START Data shown
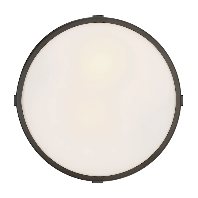 - Features frosted white glass and a bronze finish
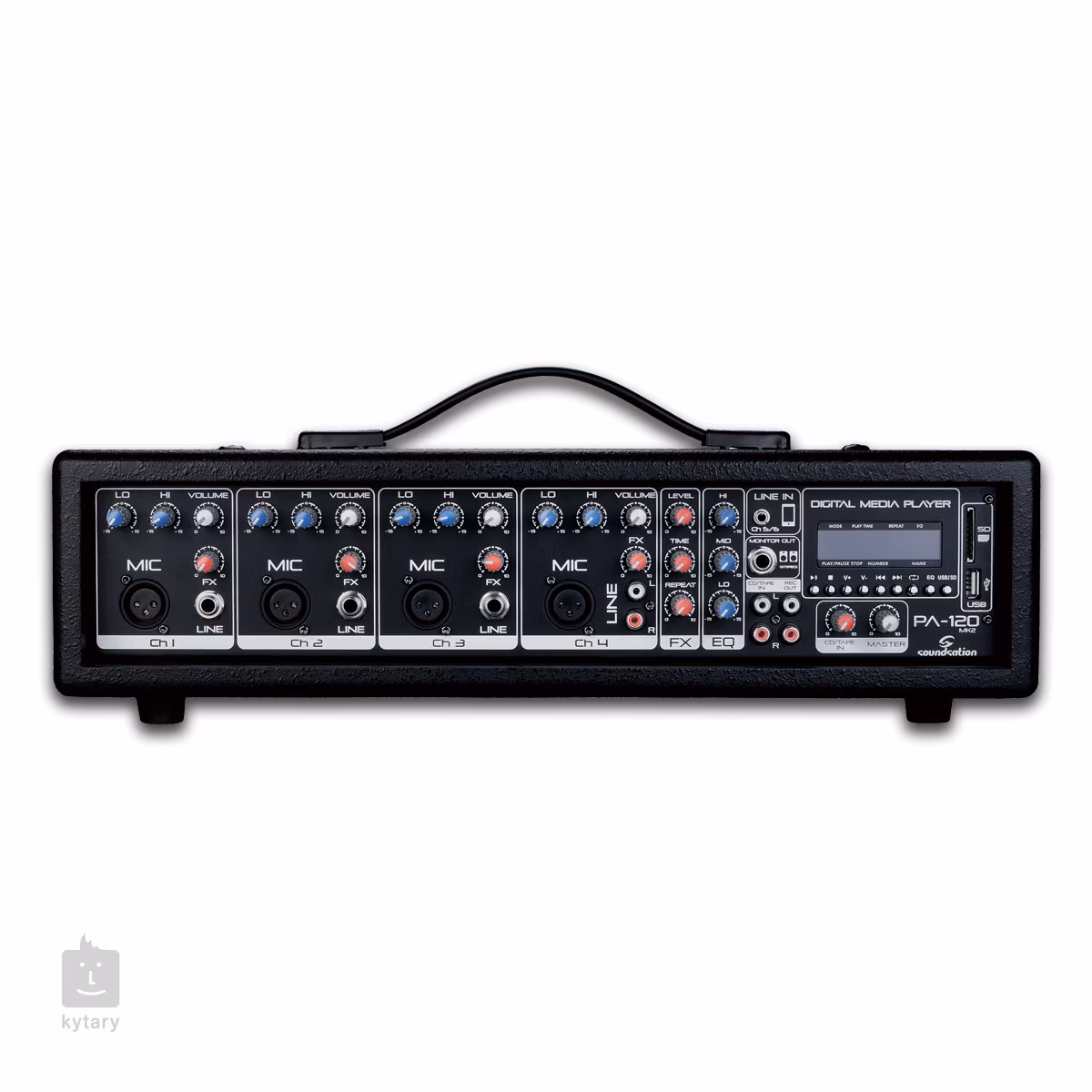 Zesilovač (2x 100 W) obsahuje 6 kanálů, které vám umožní namíchat zvuk z mikrofonů, nástrojů, nebo externího zařízení jako MP3 přehrávače nebo notebooku. Každý kanál disponuje 2pásmovým ekvalizérem, v mastersekci je pak ještě 3pásmový ekvalizér pro finální doladění zvuku.
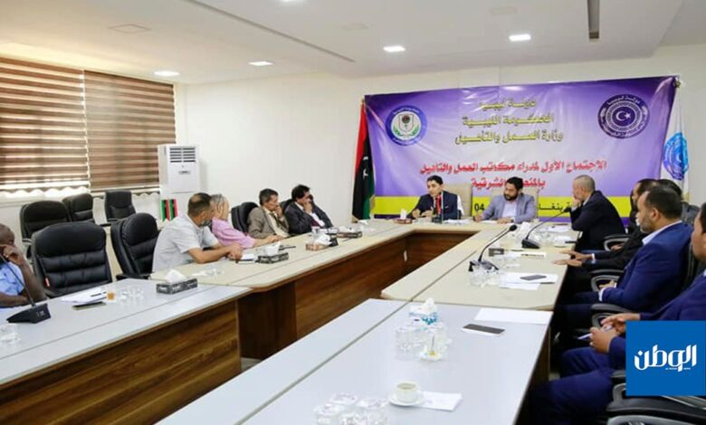 وبحسب المكتب الإعلامي للحكومة، جاء ذلك خلال لقاء عقد الإثنين، بديوان مجلس الوزراء بنغازي، استعرض خلاله الوزير الحلول المناسبة لأبرز الصعوبات من أجل إعادة تفعيل دور المكاتب، إضافةً إلى مناقشة عدة ملفات من بينها ، التشغيل والتدريب والتأهيل والتفتيش العمالي، وضرورة مكافحة الفساد، ودعم المشاريع المتوسطة والصغرى وملف الأستخدام.
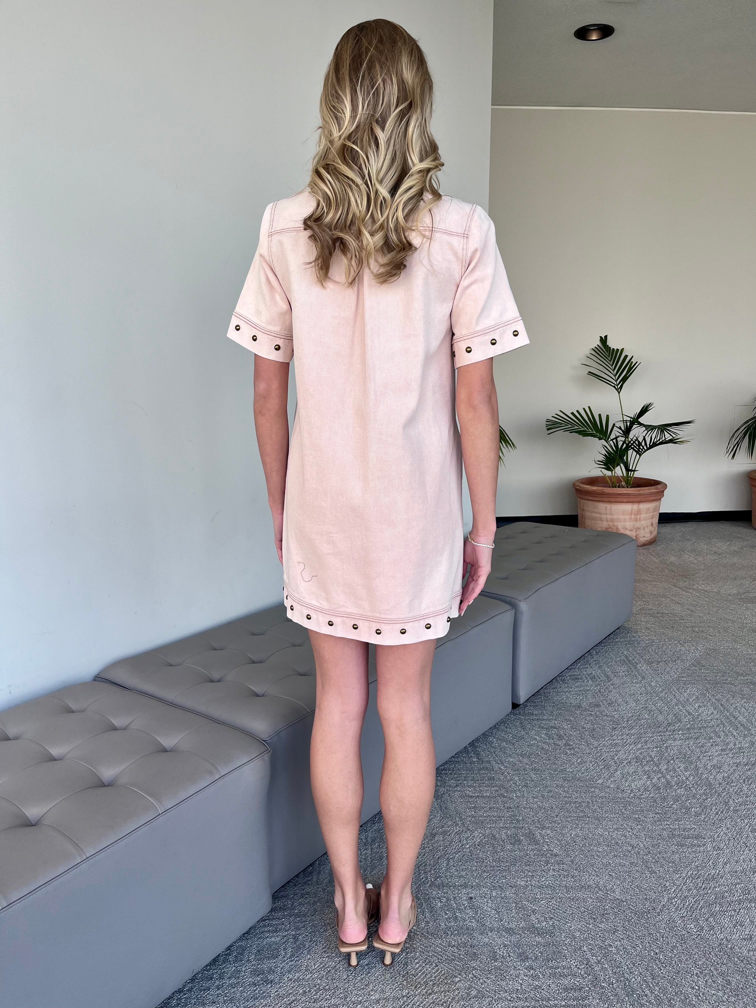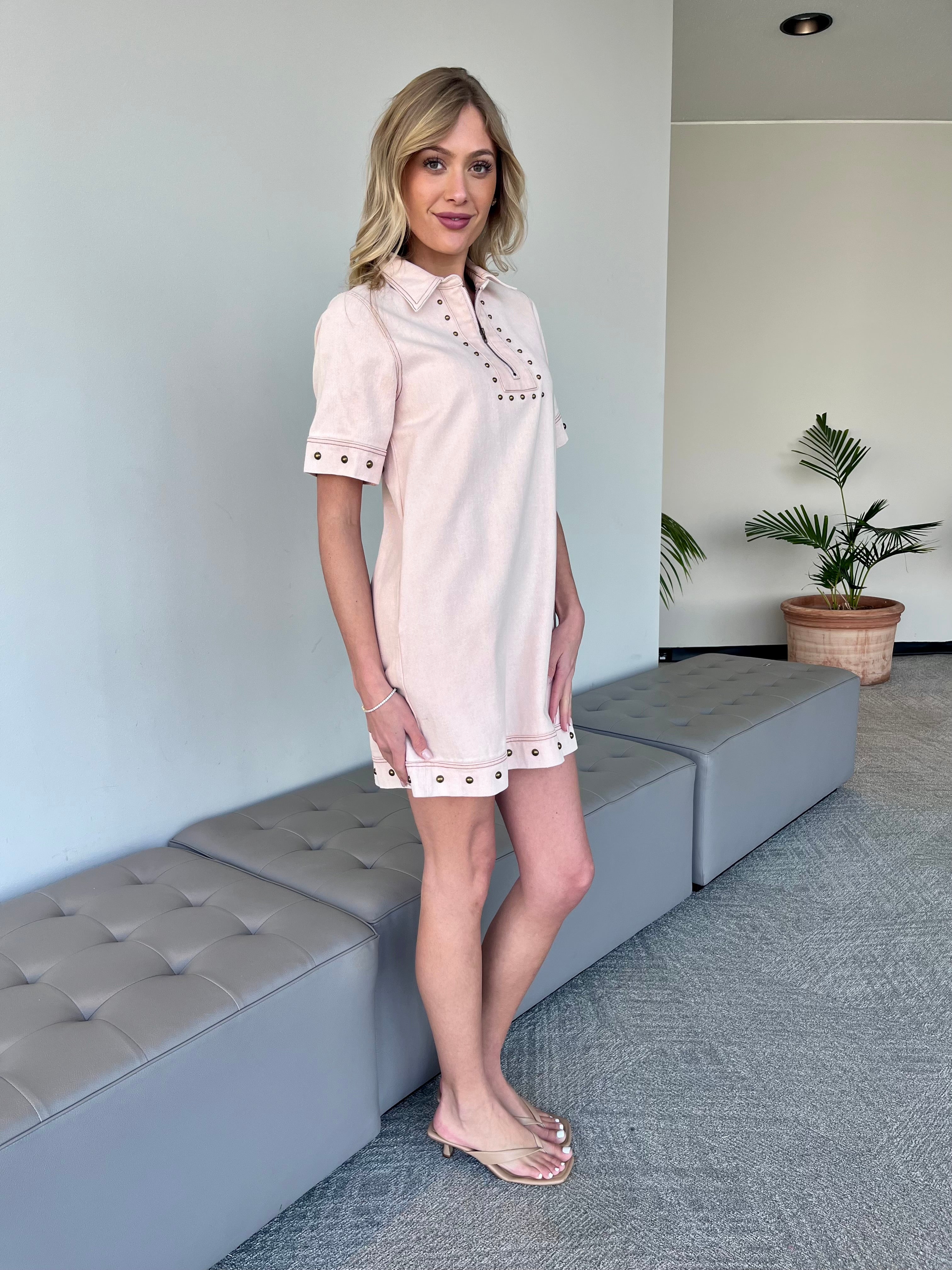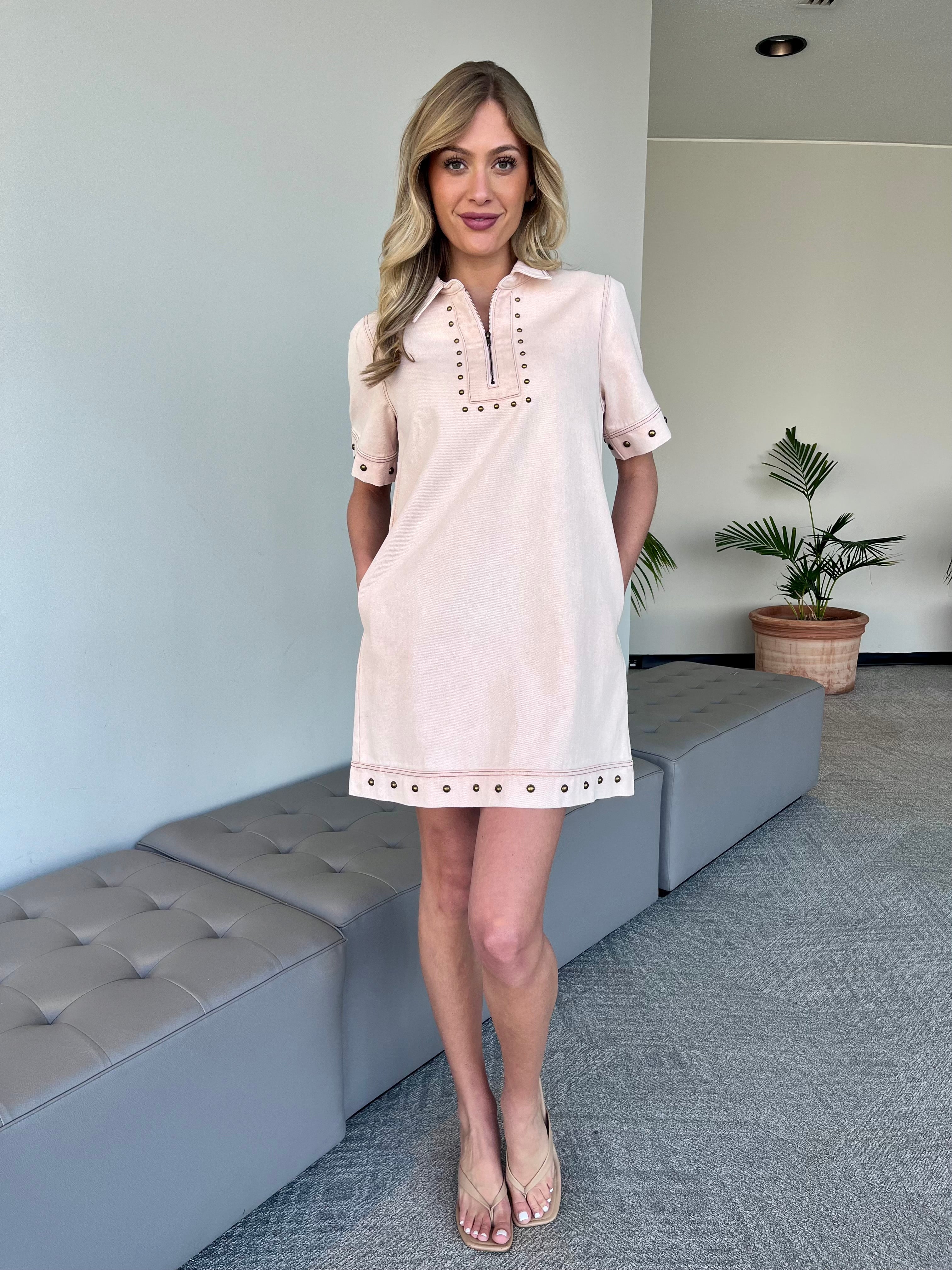 Chic, polished, and effortlessly feminine, this blush studded shift dress is the perfect blend of classic and modern style. Designed with a soft, suede-like finish, it features a flattering relaxed silhouette, a zip-front neckline with a structured collar, and gold stud detailing along the neckline, sleeves, and hem for a subtle touch of edge. The easy shift fit offers all-day comfort while still looking elevated, making it perfect for brunch, workdays, or a casual night out. Pair it with sandals for a daytime look or dress it up with heels for a more refined feel.
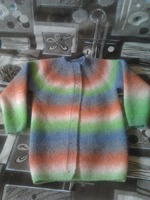 Это моё первое знакомство с Дундагой. Ещё в прошлом году заказывала впервые Кауни. И не все понравившиеся цвета были в наличии. И хозяйка этого богатства уговорила меня попробовать Дундагу. Я согласилась. Она мне на своё усмотрение положила моточек Дундаги. Я бесконечно пряжу крутила в руках, рассматривала и нюхала. У неё такой запах овечки... Сразу кофточка была жёсткая и рыхловатая. Затем я её сваляла в машинке на 40 градусах. Она стала пушистенькая и мягенькая. Спицы №3 Адди. Расход 160 грамм. Дундага №6/1.
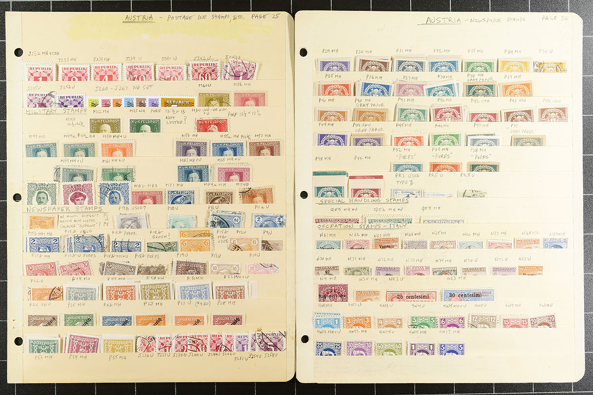"Back of the Book" accumulation of stamps, all being Semi Postals, Airmails, Postage Due, Military, Newspaper, Occupation, Special Handling and Offices Abroad. Noted #C54-C60 used set (cat $258.20 alone). Includes both mint and used (expect the mint to be hinged), all neatly arranged on stockpages / album pages with owner's inventory. Owner's 2021 Scott US$1242.40 =
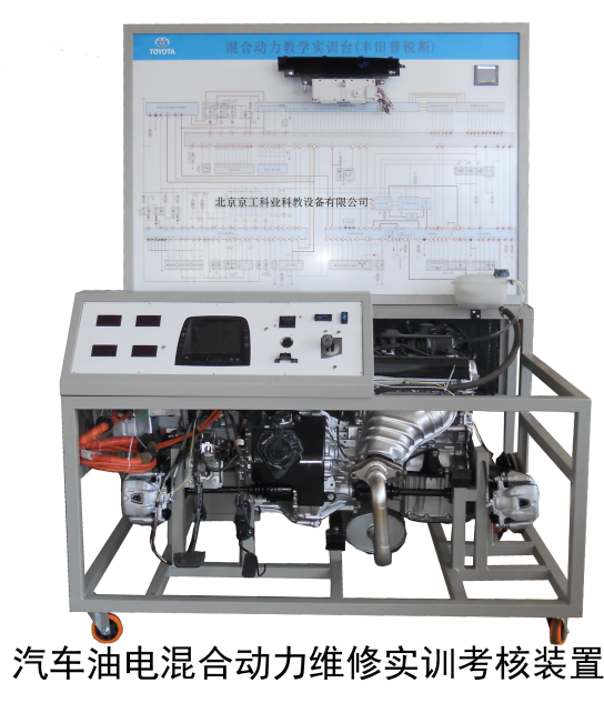 豐田普瑞斯1.5L油電混合動力系統(tǒng)總成(包含原車電控發(fā)動機、油電混合驅動橋、HV蓄電池等附件總成)、原車油電混合動力系統(tǒng)控制電腦、電子油門加速機構、組合儀表、油電混合動力起動運行所有相關的原車附件、故障模擬考核和排除系統(tǒng)、原車電路原理圖板及檢測端子、備用60AH大容量蓄電池、大容量不銹鋼油箱、油電混合動力加速機構、控制面板柜、可移動臺架、臺架備用電源總開關、原車故障檢測通訊的診斷座、散熱系統(tǒng)、臺架操作說明書、實驗指導書等附件。
END Data shown
## Work order
The listing above is to be set down word for word, without its images.

## Response to the exercise
 - Features frosted white glass and a bronze finish
 Zesilovač (2x 100 W) obsahuje 6 kanálů, které vám umožní namíchat zvuk z mikrofonů, nástrojů, nebo externího zařízení jako MP3 přehrávače nebo notebooku. Každý kanál disponuje 2pásmovým ekvalizérem, v mastersekci je pak ještě 3pásmový ekvalizér pro finální doladění zvuku.
 وبحسب المكتب الإعلامي للحكومة، جاء ذلك خلال لقاء عقد الإثنين، بديوان مجلس الوزراء بنغازي، استعرض خلاله الوزير الحلول المناسبة لأبرز الصعوبات من أجل إعادة تفعيل دور المكاتب، إضافةً إلى مناقشة عدة ملفات من بينها ، التشغيل والتدريب والتأهيل والتفتيش العمالي، وضرورة مكافحة الفساد، ودعم المشاريع المتوسطة والصغرى وملف الأستخدام.
 Chic, polished, and effortlessly feminine, this blush studded shift dress is the perfect blend of classic and modern style. Designed with a soft, suede-like finish, it features a flattering relaxed silhouette, a zip-front neckline with a structured collar, and gold stud detailing along the neckline, sleeves, and hem for a subtle touch of edge. The easy shift fit offers all-day comfort while still looking elevated, making it perfect for brunch, workdays, or a casual night out. Pair it with sandals for a daytime look or dress it up with heels for a more refined feel.
 Это моё первое знакомство с Дундагой. Ещё в прошлом году заказывала впервые Кауни. И не все понравившиеся цвета были в наличии. И хозяйка этого богатства уговорила меня попробовать Дундагу. Я согласилась. Она мне на своё усмотрение положила моточек Дундаги. Я бесконечно пряжу крутила в руках, рассматривала и нюхала. У неё такой запах овечки... Сразу кофточка была жёсткая и рыхловатая. Затем я её сваляла в машинке на 40 градусах. Она стала пушистенькая и мягенькая. Спицы №3 Адди. Расход 160 грамм. Дундага №6/1.
"Back of the Book" accumulation of stamps, all being Semi Postals, Airmails, Postage Due, Military, Newspaper, Occupation, Special Handling and Offices Abroad. Noted #C54-C60 used set (cat $258.20 alone). Includes both mint and used (expect the mint to be hinged), all neatly arranged on stockpages / album pages with owner's inventory. Owner's 2021 Scott US$1242.40 =
 豐田普瑞斯1.5L油電混合動力系統(tǒng)總成(包含原車電控發(fā)動機、油電混合驅動橋、HV蓄電池等附件總成)、原車油電混合動力系統(tǒng)控制電腦、電子油門加速機構、組合儀表、油電混合動力起動運行所有相關的原車附件、故障模擬考核和排除系統(tǒng)、原車電路原理圖板及檢測端子、備用60AH大容量蓄電池、大容量不銹鋼油箱、油電混合動力加速機構、控制面板柜、可移動臺架、臺架備用電源總開關、原車故障檢測通訊的診斷座、散熱系統(tǒng)、臺架操作說明書、實驗指導書等附件。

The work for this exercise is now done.